### Given material

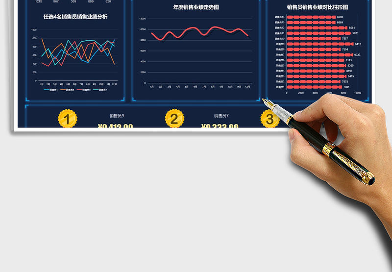 2021年銷售員銷售業績可視化柱形圖餅圖分析包含
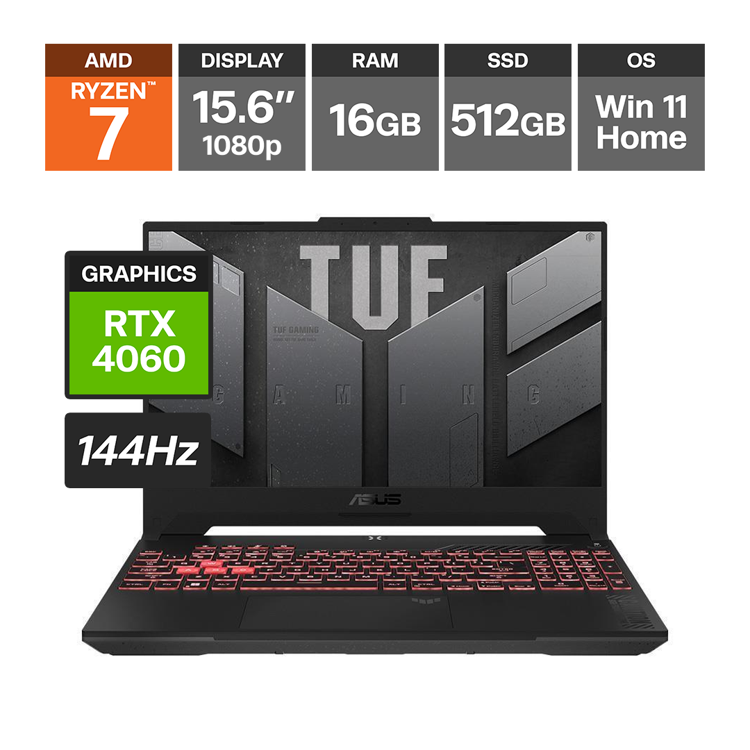 Asus TUF Gaming A15 15.6" 1080p IPS-level 144Hz Ryzen 7 7435HS 16GB GeForce RTX 4050 512GB SSD WiFi 6 W11H Gaming Laptop
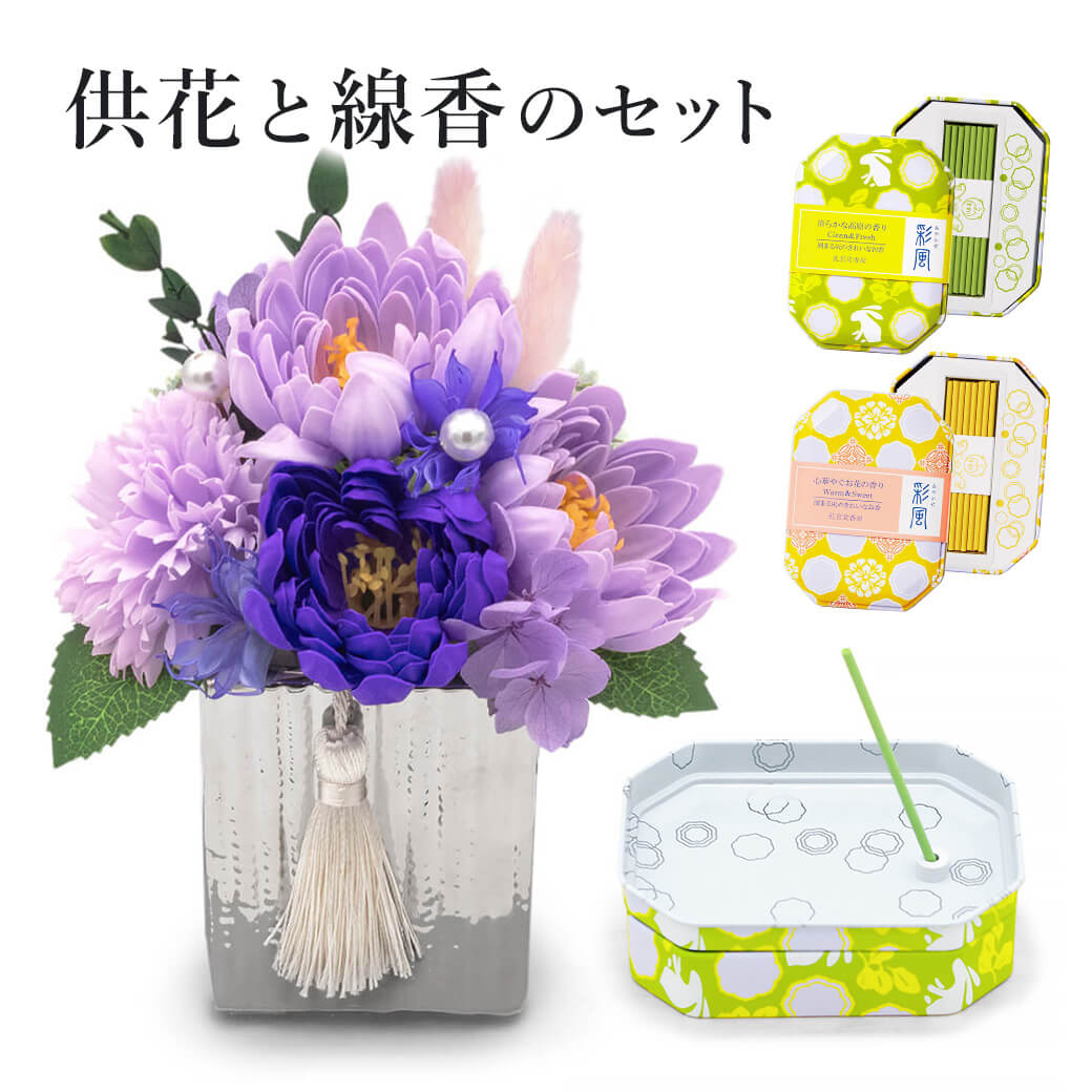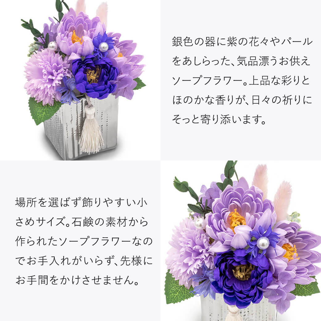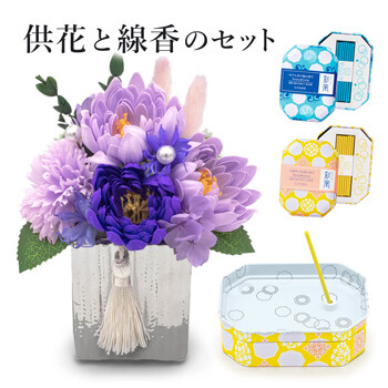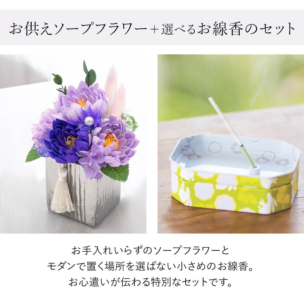 紫の花々やパールをあしらったお供えソープフラワーと、ミニサイズのお線香のセットです。

### Work request
Exclude the images and output the lines above exactly.

### Answer to this task
 2021年銷售員銷售業績可視化柱形圖餅圖分析包含
 Asus TUF Gaming A15 15.6" 1080p IPS-level 144Hz Ryzen 7 7435HS 16GB GeForce RTX 4050 512GB SSD WiFi 6 W11H Gaming Laptop
 紫の花々やパールをあしらったお供えソープフラワーと、ミニサイズのお線香のセットです。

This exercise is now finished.